Subject: Failure, science and software testing
From: npdoty@ischool.berkeley.edu
Date: To: Brian (Microsoft), Vignesh (Microsoft), Mubarak (Microsoft), Tracy (Microsoft), Jolie (Microsoft), Ben Cohen Bcc: https://bcc.npdoty.name/

Have you guys read this Wired article on failure and science?

I thought it was really reminiscent of the constant failures we run into as programmers, and the particular challenge of being a software tester.

The main premise is that scientists get so comfortable with accepted theory and the status quo that they don't recognize that failures might be breakthroughs instead of just mistakes in their own equipment or experimental method. There's certainly some value there -- the author gives the example of sensitive radio telescope static finally being accepted as cosmic background radiation and not a problem with the dish, and cites some serious ethnographic research of scientists and how they make discoveries. But the article makes it sound like the solution is simply to be skeptical, to assume that every unexpected experimental result is a potential new discovery.

But anyone who's taken high school physics knows that this assumption that it must be your fault not the theory's fault isn't just some elitist fallacy, it's born of experience. Of the hundred times that the results of your high school physics experiment didn't match what theory predicts, how many times was it because the theory was wrong? Zero, of course; it's always a screw-up with your experimental set-up (at least it was in high school, and I bet the percentage doesn't change that much once you're a professional).

As programmers, we learn this lesson even more often. The first rule of programming, after all, is that it's always your fault. This isn't dogma, every one of us has learned it from this quintessential and eternally repeated experience where we write a piece of code, it doesn't work, we assume that it must be a problem with the operating system or the compiler or the other guy's code -- that the computer simply isn't doing what we told it to do -- until we realize the mundane truth when we actually look at our own code and the documentation and find that we'd just made another stupid mistake.

And that's the real trick of software testing: it can be tempting, particularly at first, to file a bug every time something doesn't work. Young confident software testers go to their dev several times a day saying "I found a bug" only to realize that they hadn't called the function with the correct parameters. But this lesson of experience quickly leads to the opposite problem: having become so accustomed to being the cause of our problems (like any programmer), we just fidget until we get the software to work, unconsciously working around bugs that we should be filing.

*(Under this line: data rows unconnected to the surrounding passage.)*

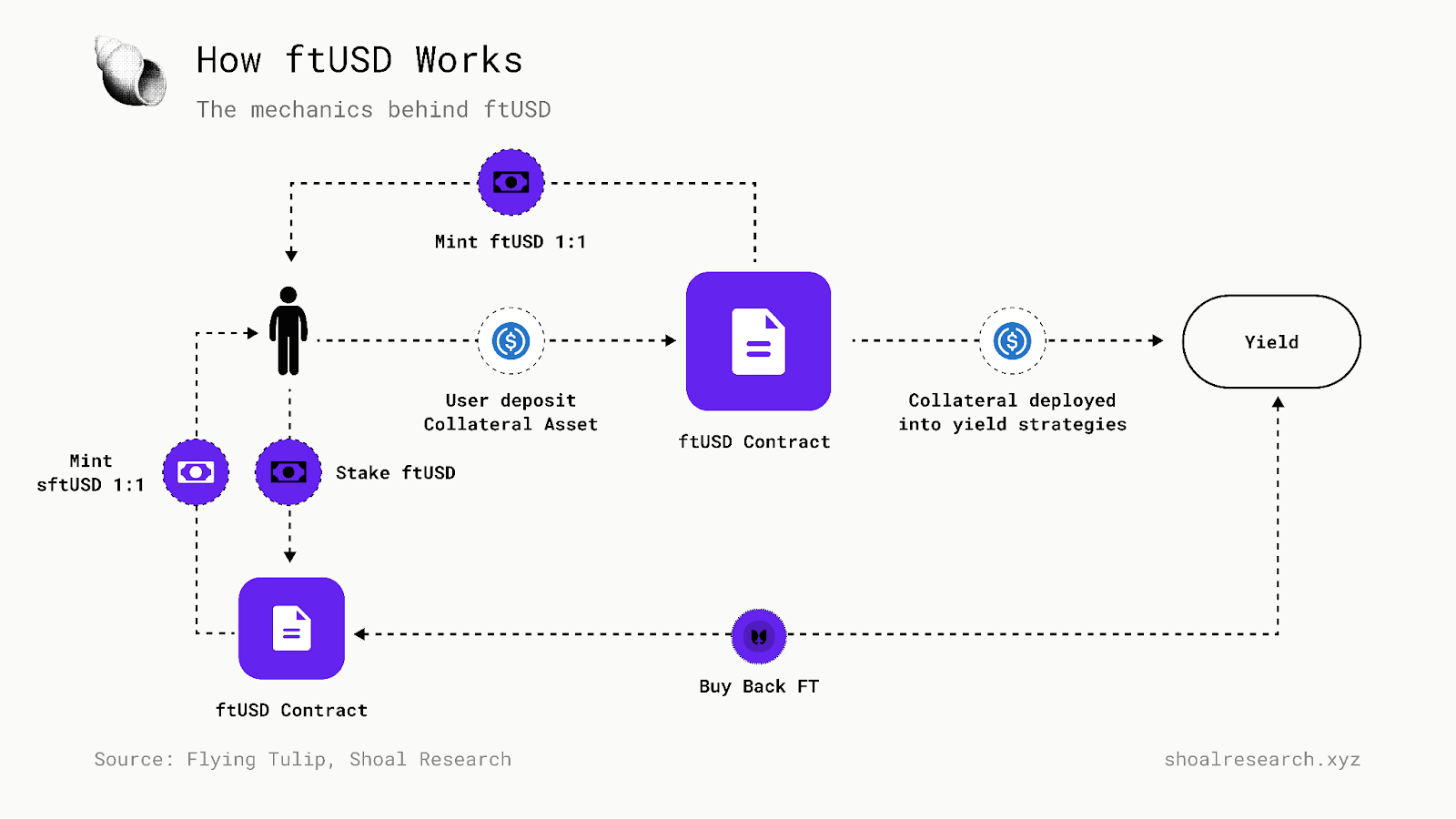 在扣除借款成本、费用和安全缓冲后实现的收益将按比例分配给持有的 sftUSD 数量。分配给 sftUSD 持有者的分配通过 sftUSD 和 ftUSD 之间的可变汇率反映出来。未质押的 ftUSD 不会产生收益;其收益将直接用于协议的资金库,以资助运营、扩大流动性并支持代币优先模型。
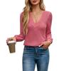 Herbst- und Winter Damenbluse Mehrlagiger V-Ausschnitt Einfarbig Langarm Tops
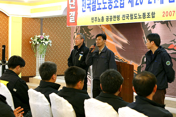 Ãà»ç¿¡ ³ª¼± ¹ÎÁÖ³ëÃÑ ÁÖºÀÈñ ºÎÀ§¿øÀåÀº ¡°Àϸ¸¹ø ¹«¼öÇÑ ±¸È£º¸´Ù ´ÜÇѹøÀÇ ½Â¸®¸¦ À§ÇØ Áø½ÇÇÑ ½ÇõÀ» ÇØ¾ß ÇÑ´Ù. ±×°ÍÀÌ ¹Ù·Î ÅõÀïÀÌ´Ù.¡±¶ó ¸»Çß°í, ´õºÒ¾î (Àü)Àü±âÇùÀÇÀå ¼¼±¿ø µ¿Áö´Â ¡°ÀÌÁ¦´Â ÀÌ±æ »ý°¢¸¸ ÇØ¾ß Çϰí, Èû¾øÀÌ ÅõÀïÇÏÁö ¸»°í ¼²ºÎ¸£°Ô ÆÄ¾÷ÇÏÁö ¸»¸ç, ±×·± ÅõÀï°ú ÆÄ¾÷Àº ¾È Çϴϸ¸ ¸øÇÏ´Ù¡±¸ç ¡°KTX ½Â¹« µ¿ÁöµéÀº 1³â ³Ñ°Ô ÆÄ¾÷ÅõÀïÇÏ°í ¸¸»èÀÇ µ¿Áöµµ ¿À´Ã ¿ª½Ã ÁÖüÀûÀ¸·Î ÅõÀïÇϴµ¥ ³ëµ¿ÀÚ°¡ ´ë¿ì ¹Þ°í Àß »ç´Â ¼¼»óÀ» ¸¸µé·Á¸é ½ÇõÇϰí ÅõÀïÇ϶󡱸ç Á¶ÇÕ¿øÀÇ ½ÇõºÎÁ·À» µû²ûÇÏ°Ô ÁúÃ¥Çϱ⵵ Çß´Ù.
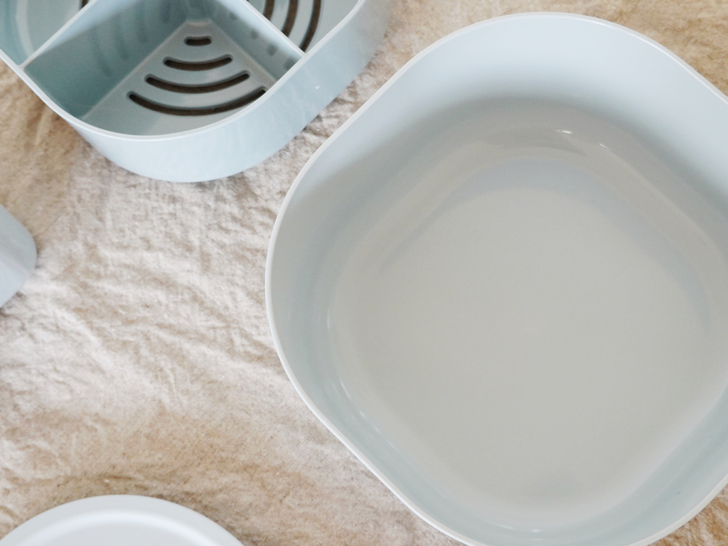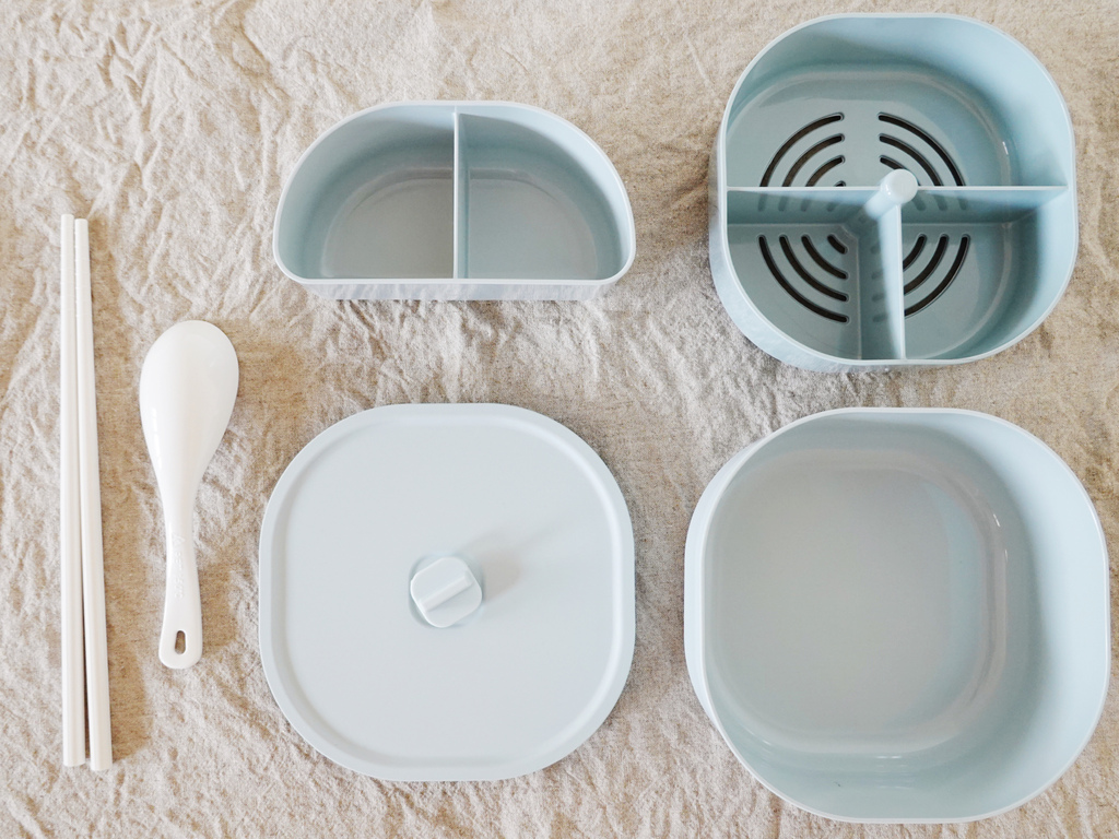 顏色有極簡白跟迷霧藍兩種選擇,迷霧藍相較於極簡白,有髒污、染色比較不明顯些,而且實品無論色澤跟手感都很有質感,使用漂亮便當盒吃飯食物都會增色不少。

So I think the real answer, both to the scientific problem and the software-testing one, isn't mere undying skepticism, but in knowing which failures are probably your fault and which ones aren't. And a lot of the techniques that experimental scientists and software testers are the same: the first step for both is reproducing the failure. Lehrer's article also suggests talking to someone who isn't intimately familiar with the experiment, and I think we software testers often understand an unexpected result when we try to explain the bizarre situation to a tester from another team. "Encourage diversity" is also on his list, and I think the Test Apprentice Program at Microsoft was a darn good example of that in action -- being the only non-CS majors on our teams, we often found different bugs.

Maybe experimental science could even learn something from software testers. I thought one of the more valuable things we got from learning test-driven development was that a test wasn't good unless you'd seen it fail. If you've only ever seen a test pass, then how do you know that it really tests what you claim it tests? That must be harder for physicists (they can't briefly turn off a particular universal parameter to ensure that the experiment fails under those conditions), but the same sort of counterfactual thinking (rather than just writing a test and being happy when it turns green, or running an experiment and assuming that the result confirms the theory) seems important to me.

Do we get a lot of good software testers from experimental science backgrounds? Maybe that's where we should be hiring from. Anyway, I highly recommend the Wired article, if only for the comfort that programmers aren't alone in the universe for having their experiments fail constantly.

Hope you're all doing well -- grad school is great, but, as you can see, I still miss software testing from time to time,
Nick